EXERCISE BRIEF = The records follow. Copy them exactly, but omit the pictures.

_ _ _ _

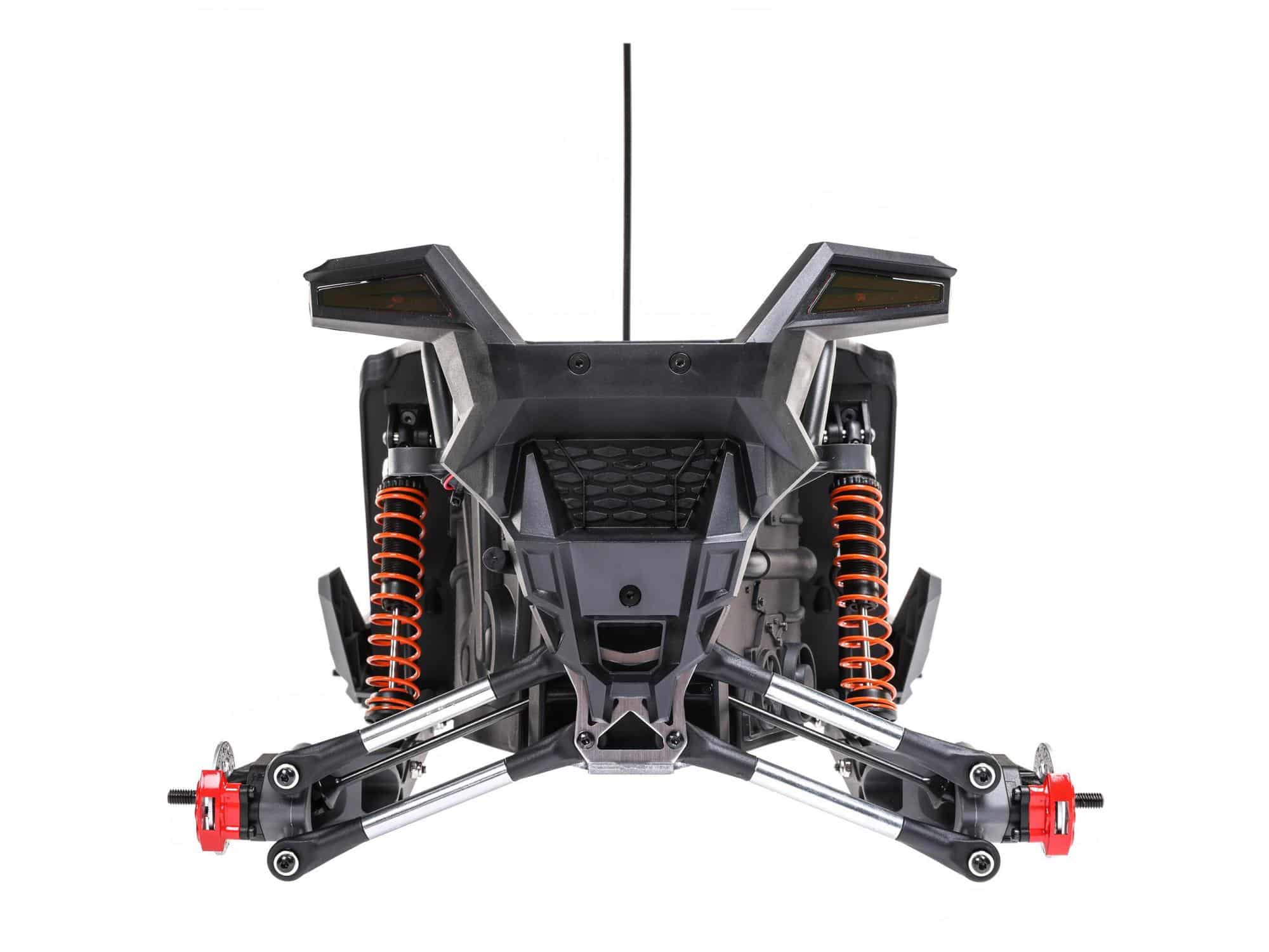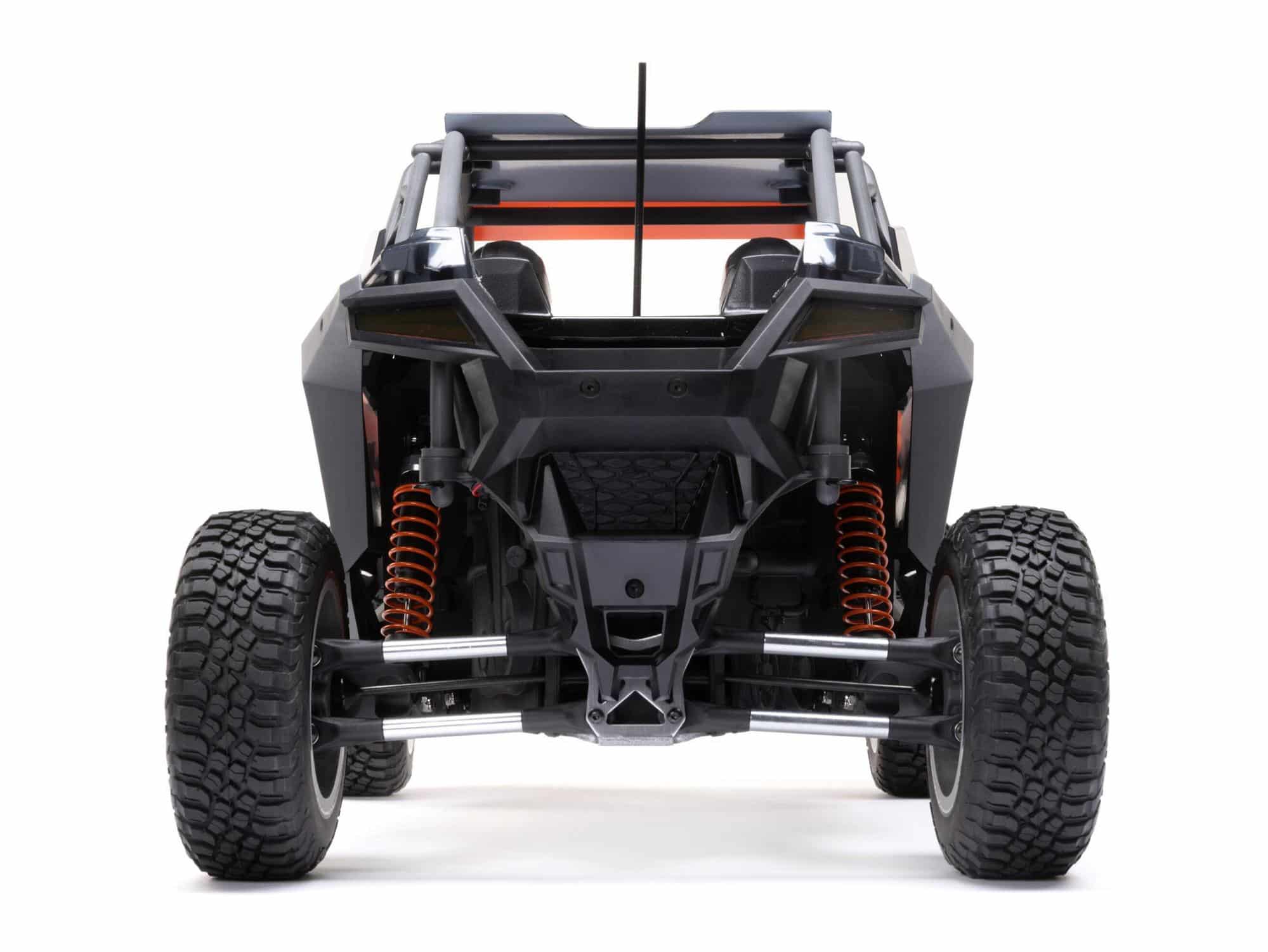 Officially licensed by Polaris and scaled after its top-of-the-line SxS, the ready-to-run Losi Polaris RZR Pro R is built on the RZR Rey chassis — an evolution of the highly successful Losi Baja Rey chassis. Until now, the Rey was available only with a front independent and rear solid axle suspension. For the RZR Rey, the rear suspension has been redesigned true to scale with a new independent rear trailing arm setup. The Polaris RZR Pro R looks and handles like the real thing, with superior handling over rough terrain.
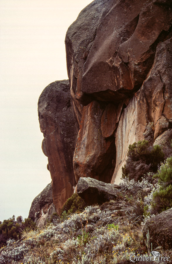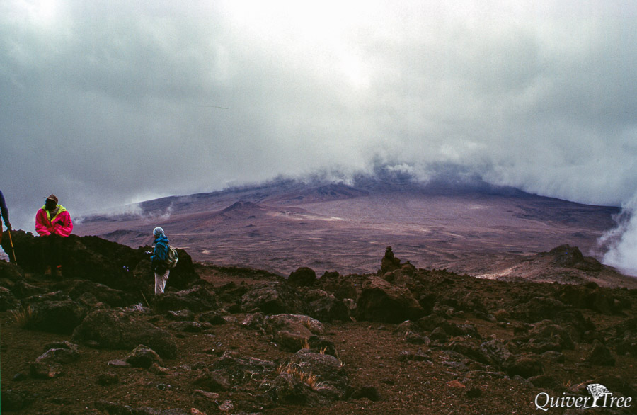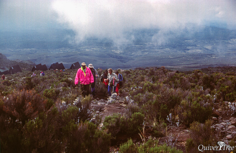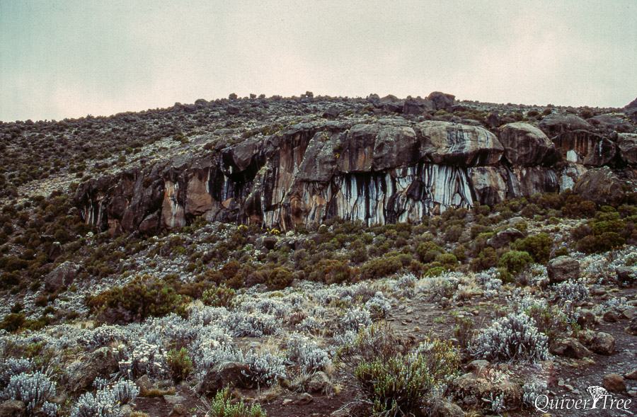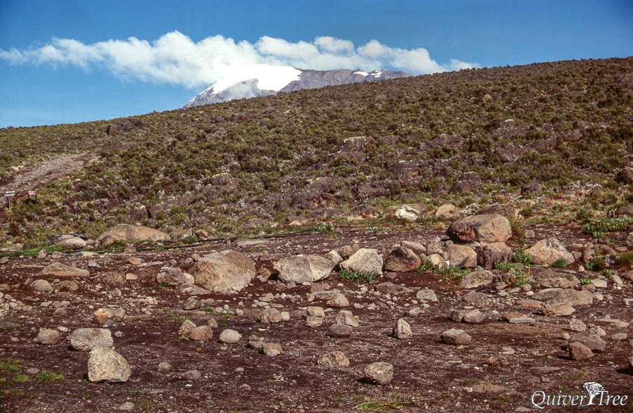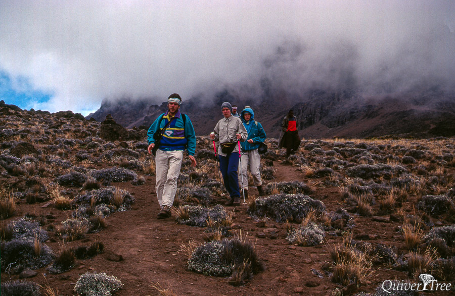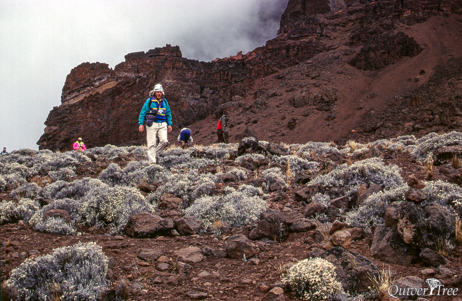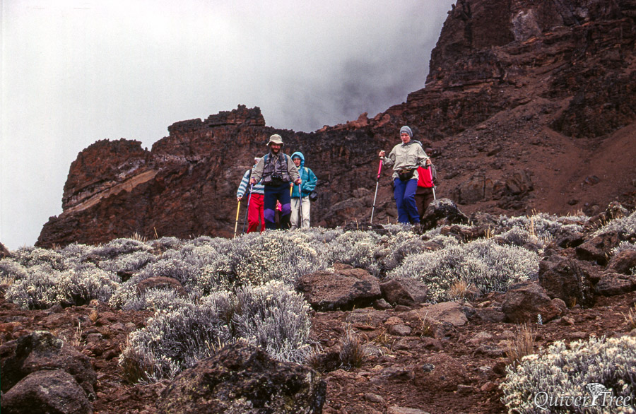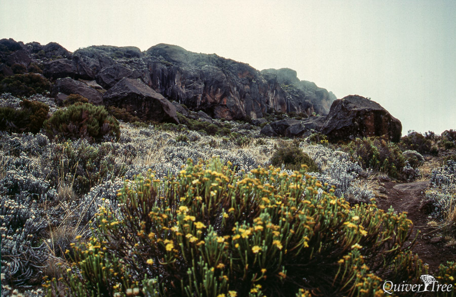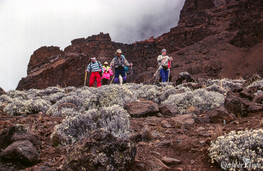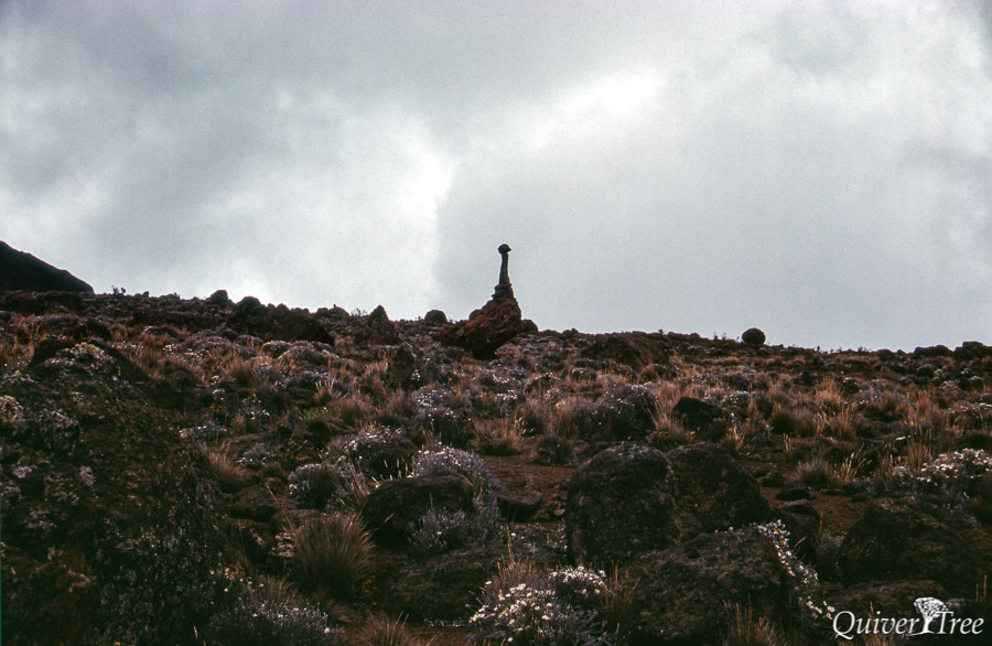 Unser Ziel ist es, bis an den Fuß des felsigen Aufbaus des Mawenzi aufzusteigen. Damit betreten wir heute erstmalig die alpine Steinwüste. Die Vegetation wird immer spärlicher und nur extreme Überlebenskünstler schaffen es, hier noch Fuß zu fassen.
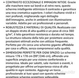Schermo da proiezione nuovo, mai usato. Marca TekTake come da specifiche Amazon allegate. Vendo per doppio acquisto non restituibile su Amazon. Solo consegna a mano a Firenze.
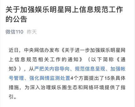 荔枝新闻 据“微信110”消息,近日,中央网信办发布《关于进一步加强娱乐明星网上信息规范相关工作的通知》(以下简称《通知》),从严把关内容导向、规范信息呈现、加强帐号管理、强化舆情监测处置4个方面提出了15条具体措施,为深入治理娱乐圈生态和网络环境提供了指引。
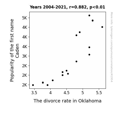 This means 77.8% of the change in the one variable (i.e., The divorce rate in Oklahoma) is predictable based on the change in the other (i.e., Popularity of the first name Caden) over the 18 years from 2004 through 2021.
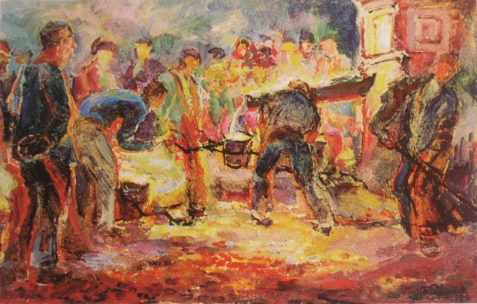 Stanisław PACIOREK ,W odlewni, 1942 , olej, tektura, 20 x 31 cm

_ _ _ _

YOUR RESPONSE =
 Officially licensed by Polaris and scaled after its top-of-the-line SxS, the ready-to-run Losi Polaris RZR Pro R is built on the RZR Rey chassis — an evolution of the highly successful Losi Baja Rey chassis. Until now, the Rey was available only with a front independent and rear solid axle suspension. For the RZR Rey, the rear suspension has been redesigned true to scale with a new independent rear trailing arm setup. The Polaris RZR Pro R looks and handles like the real thing, with superior handling over rough terrain.
 Unser Ziel ist es, bis an den Fuß des felsigen Aufbaus des Mawenzi aufzusteigen. Damit betreten wir heute erstmalig die alpine Steinwüste. Die Vegetation wird immer spärlicher und nur extreme Überlebenskünstler schaffen es, hier noch Fuß zu fassen.
Schermo da proiezione nuovo, mai usato. Marca TekTake come da specifiche Amazon allegate. Vendo per doppio acquisto non restituibile su Amazon. Solo consegna a mano a Firenze.
 荔枝新闻 据“微信110”消息,近日,中央网信办发布《关于进一步加强娱乐明星网上信息规范相关工作的通知》(以下简称《通知》),从严把关内容导向、规范信息呈现、加强帐号管理、强化舆情监测处置4个方面提出了15条具体措施,为深入治理娱乐圈生态和网络环境提供了指引。
 This means 77.8% of the change in the one variable (i.e., The divorce rate in Oklahoma) is predictable based on the change in the other (i.e., Popularity of the first name Caden) over the 18 years from 2004 through 2021.
 Stanisław PACIOREK ,W odlewni, 1942 , olej, tektura, 20 x 31 cm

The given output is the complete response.